----- DATA SEGMENT

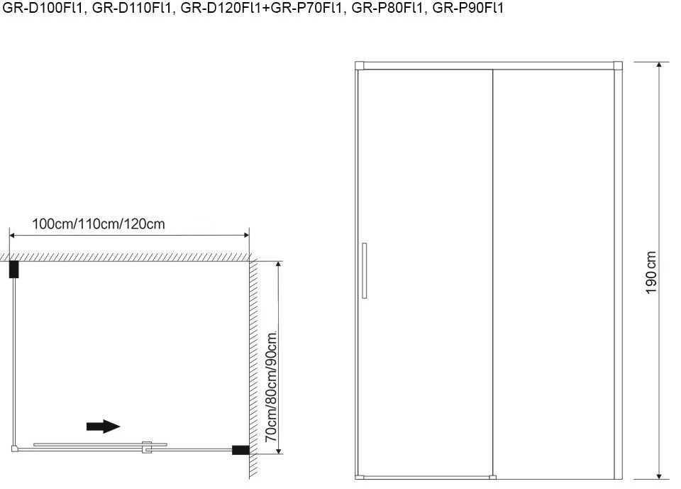 Схема встраивания для душевого ограждения Grossman Fly 1 GR-D100-P90
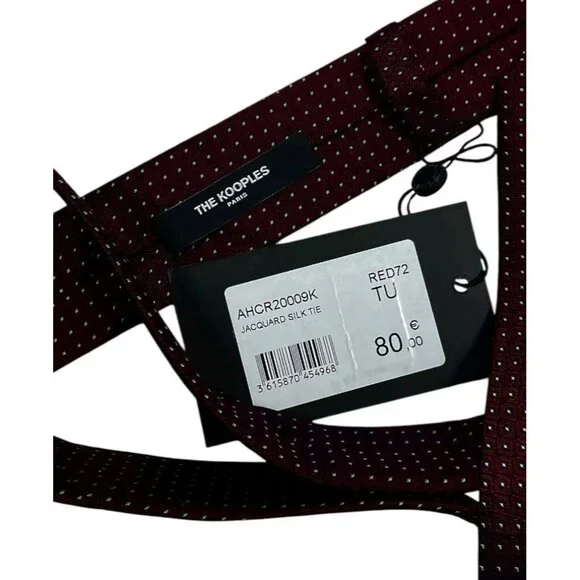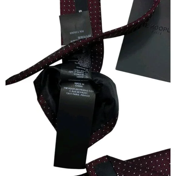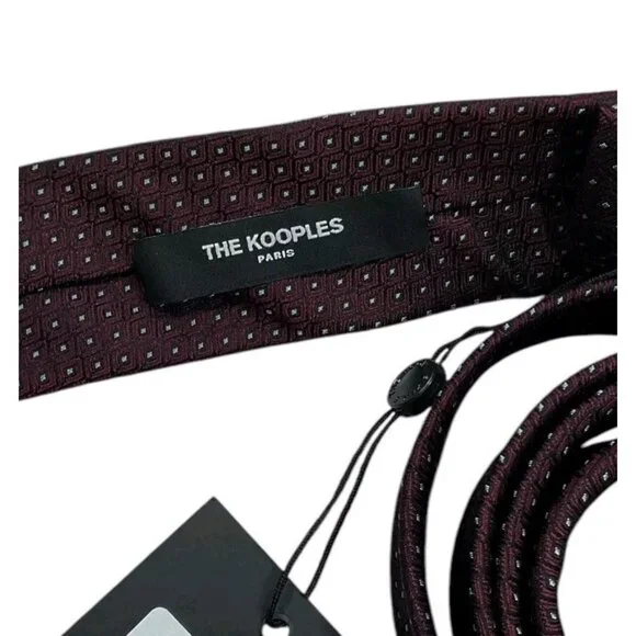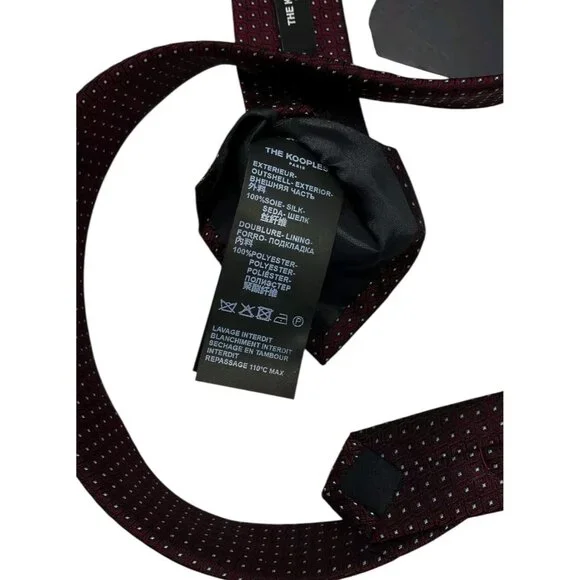 Brand : THE KOOPLESCountry Of Manufacture : ChinaType & Style : Men´s Slim TieColor & Pattern : Burgundy GeometricMaterial : Silk Size : RegularMeasurements : L 60" W 1.8" Condition : New With TagWelcome to S.I.R. LUXURY StoreAll our items are geniune and authentic.The color may vary slightly due to computer or phone screens.We will do our best to ship your item fast and carefully.If for any reason you are not satisfied with the item received, please write us before leaving bad feedback and we will resolve it immediately.Just give us a fair chance and we promise we can make you Happy, your satisfaction is our priority.You can also visit our store and take a look at our collection of items for men and women posted daily.Please do it and save us.Thank you.
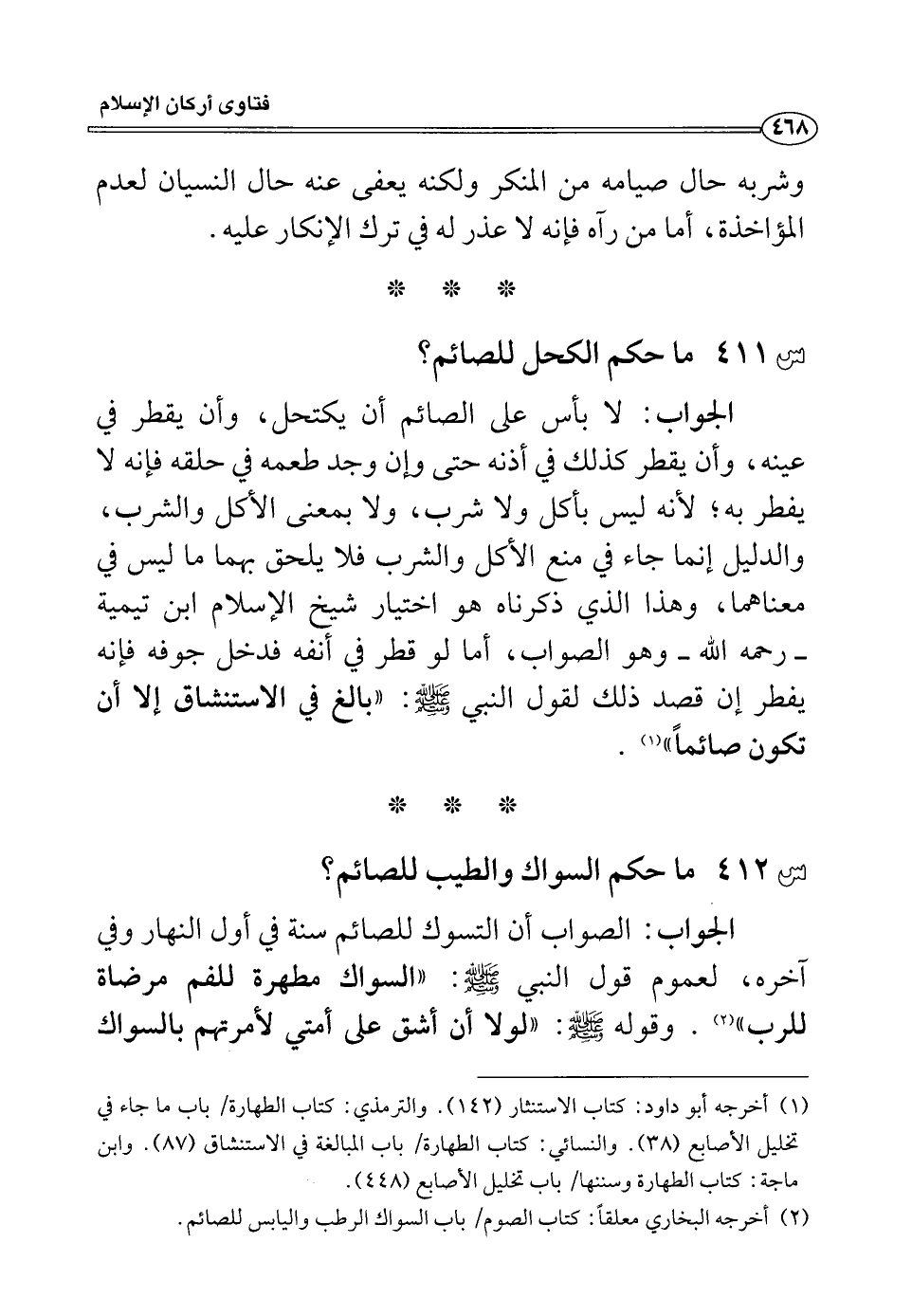 الجواب: الصواب أن التسوك للصائم سنة في أول النهار وفي آخره، لعموم قول النبي صلي الله عليه وسلم: ((السواك مطهرة للفم مرضاة للرب)) (¬2) . وقوله صلى الله عليه وسلم: ((لولا أن أشق على أمتي لأمرتهم بالسواك

----------

WORK INSTRUCTION - Go through the data above and transcribe it in full, omitting any image.

RESPONSE TO THE EXERCISE -
 Схема встраивания для душевого ограждения Grossman Fly 1 GR-D100-P90
 Brand : THE KOOPLESCountry Of Manufacture : ChinaType & Style : Men´s Slim TieColor & Pattern : Burgundy GeometricMaterial : Silk Size : RegularMeasurements : L 60" W 1.8" Condition : New With TagWelcome to S.I.R. LUXURY StoreAll our items are geniune and authentic.The color may vary slightly due to computer or phone screens.We will do our best to ship your item fast and carefully.If for any reason you are not satisfied with the item received, please write us before leaving bad feedback and we will resolve it immediately.Just give us a fair chance and we promise we can make you Happy, your satisfaction is our priority.You can also visit our store and take a look at our collection of items for men and women posted daily.Please do it and save us.Thank you.
 الجواب: الصواب أن التسوك للصائم سنة في أول النهار وفي آخره، لعموم قول النبي صلي الله عليه وسلم: ((السواك مطهرة للفم مرضاة للرب)) (¬2) . وقوله صلى الله عليه وسلم: ((لولا أن أشق على أمتي لأمرتهم بالسواك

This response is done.